The previous header retrieval logic took advantage of short-circuiting to avoid issues of attempting to access properties of an undefined
object:
!req ||
!req.headers ||
(!req.headers.authorization && !req.headers.Authorization)
At each stage of this predicate, the ||
ensures we're not attempting to access fields of an undefined
object.
But as of 2.2.0:
(!req ||
!req.headers ||
(!req.headers.authorization && !req.headers.Authorization)) &&
(!req.cookies && !req.cookies.token))
There are actually 2 bugs in just these 4 lines of code, whereby we may attempt to access the fields of an intermediate undefined
object.
First, let's say that the initial !req
evaluates to true
. Because the initial logic is now adjoined with (!req.cookies && !req.cookies.token))

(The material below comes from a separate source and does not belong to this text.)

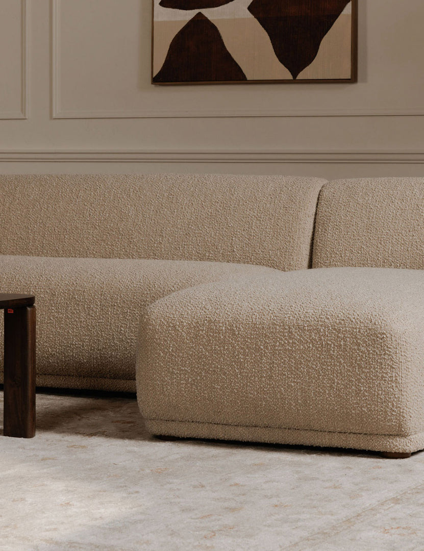 The Orza sectional is made for modern comfort. Its soft lines cradle you in a cove-style seat and broad chaise while striking a sleek silhouette in the room. The boucle upholstery boasts a robust 100,000 rub count for a luxe touch with lasting elegance. This sectional sofa is the perfect spot for curling up or entertaining.

we will now attempt to evaluate !req.cookies
, but req
is undefined
, and we blow up.
Second, the same logic applies within (!req.cookies && !req.cookies.token)
itself, if req.cookies
is undefined
: !req.cookies
evaluates to true
, so we attempt to execute !req.cookies.token
, and again blow up trying to access a property on an undefined object.
Because these are inside an if
statement and not a try
/catch
, these cases will propagate to the GraphQL error response, which I assume is not the intent.
In the first case, one might argue that a missing req
is violating the package's API, and thus no guarantees are provided / blowing up is fine. I'd tend to disagree, favoring the friendlier developer ergonomics of catching such cases and providing a useful error message.
In the second case, it's perfectly reasonable to not have a req.cookies
object. In fact this is the default in express
, absent a cookie-parsing middleware, which is how I ran into this issue when trying to upgrade.